- **Your goal**
Exact repetition of a range: find the line containing "其中,長城汽車股份有限公司因" and the line containing "In einer zehnjährigen" in the material below, then repeat both and all lines between them, leaving pictures out.

- **Records for the task**
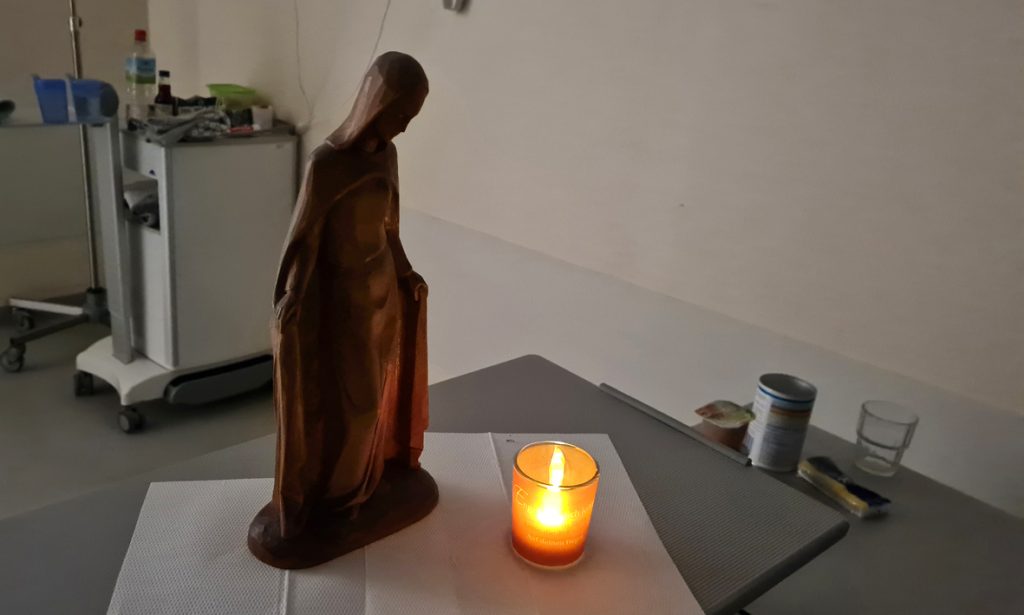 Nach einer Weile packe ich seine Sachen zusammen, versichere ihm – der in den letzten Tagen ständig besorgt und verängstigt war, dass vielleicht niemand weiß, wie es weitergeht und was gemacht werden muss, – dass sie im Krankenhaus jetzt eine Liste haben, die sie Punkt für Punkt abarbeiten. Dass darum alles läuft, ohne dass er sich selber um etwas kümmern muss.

* * *

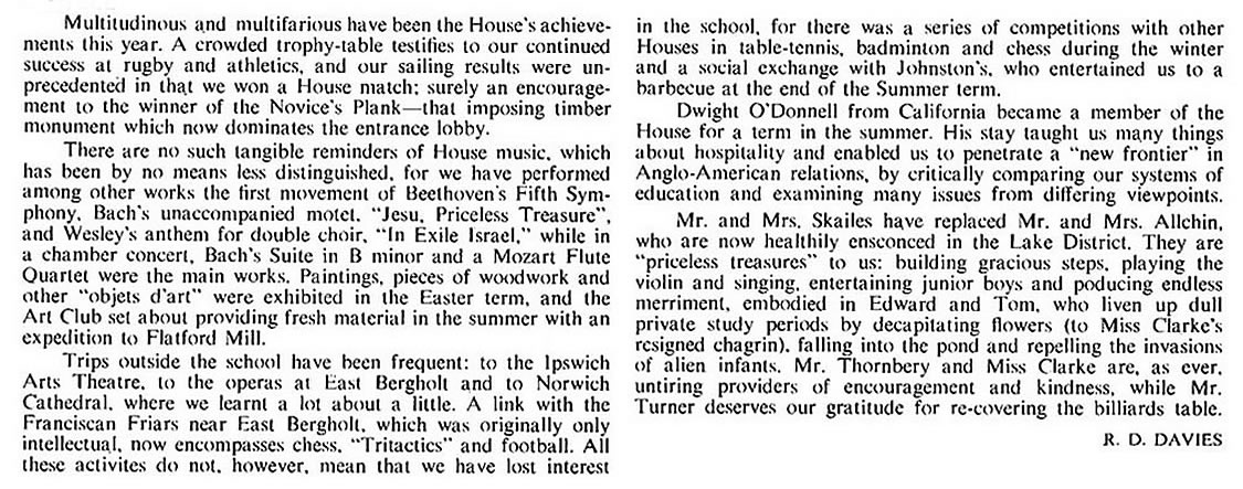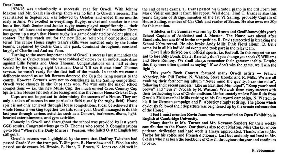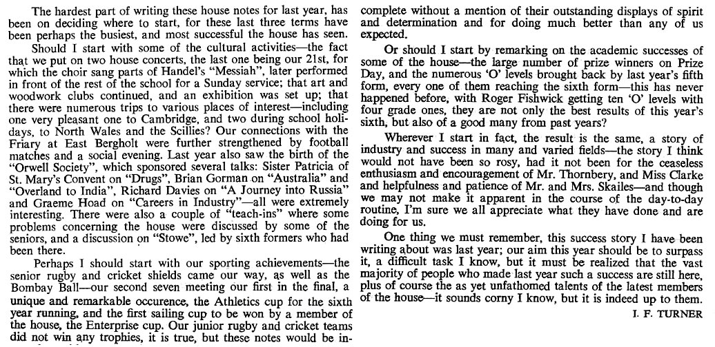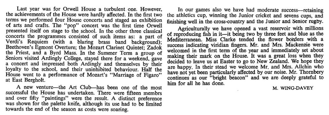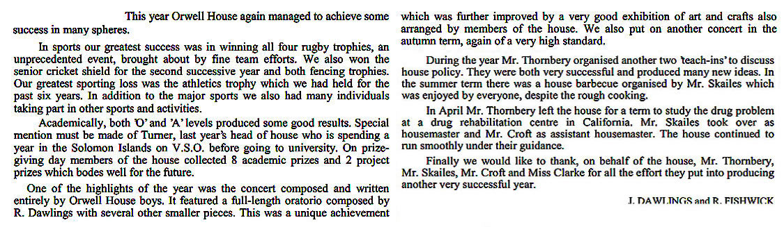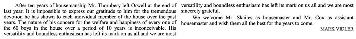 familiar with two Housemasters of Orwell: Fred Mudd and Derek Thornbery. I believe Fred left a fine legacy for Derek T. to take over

==

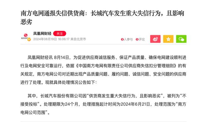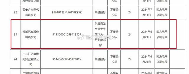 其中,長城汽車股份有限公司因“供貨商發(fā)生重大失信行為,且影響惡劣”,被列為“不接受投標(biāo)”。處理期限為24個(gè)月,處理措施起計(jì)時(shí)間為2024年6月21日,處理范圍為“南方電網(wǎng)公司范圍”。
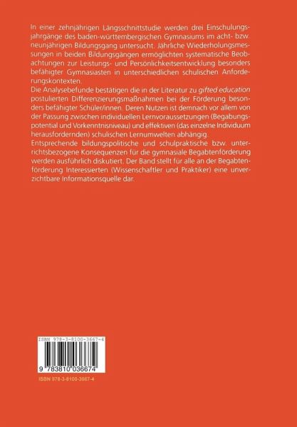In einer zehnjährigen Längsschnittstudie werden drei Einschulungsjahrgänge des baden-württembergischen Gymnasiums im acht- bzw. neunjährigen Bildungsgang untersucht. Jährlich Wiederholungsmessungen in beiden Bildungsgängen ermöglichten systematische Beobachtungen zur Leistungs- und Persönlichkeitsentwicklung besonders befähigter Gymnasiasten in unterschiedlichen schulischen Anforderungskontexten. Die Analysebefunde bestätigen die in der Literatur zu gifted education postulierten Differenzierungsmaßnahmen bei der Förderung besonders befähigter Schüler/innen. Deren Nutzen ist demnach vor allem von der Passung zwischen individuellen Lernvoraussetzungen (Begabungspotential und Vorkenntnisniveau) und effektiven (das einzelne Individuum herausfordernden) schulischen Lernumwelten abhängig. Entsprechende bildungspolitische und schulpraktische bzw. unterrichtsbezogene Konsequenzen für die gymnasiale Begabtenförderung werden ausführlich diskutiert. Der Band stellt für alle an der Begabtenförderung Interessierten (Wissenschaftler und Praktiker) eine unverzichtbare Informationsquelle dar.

- **Finished exercise**
 其中,長城汽車股份有限公司因“供貨商發(fā)生重大失信行為,且影響惡劣”,被列為“不接受投標(biāo)”。處理期限為24個(gè)月,處理措施起計(jì)時(shí)間為2024年6月21日,處理范圍為“南方電網(wǎng)公司范圍”。
In einer zehnjährigen Längsschnittstudie werden drei Einschulungsjahrgänge des baden-württembergischen Gymnasiums im acht- bzw. neunjährigen Bildungsgang untersucht. Jährlich Wiederholungsmessungen in beiden Bildungsgängen ermöglichten systematische Beobachtungen zur Leistungs- und Persönlichkeitsentwicklung besonders befähigter Gymnasiasten in unterschiedlichen schulischen Anforderungskontexten. Die Analysebefunde bestätigen die in der Literatur zu gifted education postulierten Differenzierungsmaßnahmen bei der Förderung besonders befähigter Schüler/innen. Deren Nutzen ist demnach vor allem von der Passung zwischen individuellen Lernvoraussetzungen (Begabungspotential und Vorkenntnisniveau) und effektiven (das einzelne Individuum herausfordernden) schulischen Lernumwelten abhängig. Entsprechende bildungspolitische und schulpraktische bzw. unterrichtsbezogene Konsequenzen für die gymnasiale Begabtenförderung werden ausführlich diskutiert. Der Band stellt für alle an der Begabtenförderung Interessierten (Wissenschaftler und Praktiker) eine unverzichtbare Informationsquelle dar.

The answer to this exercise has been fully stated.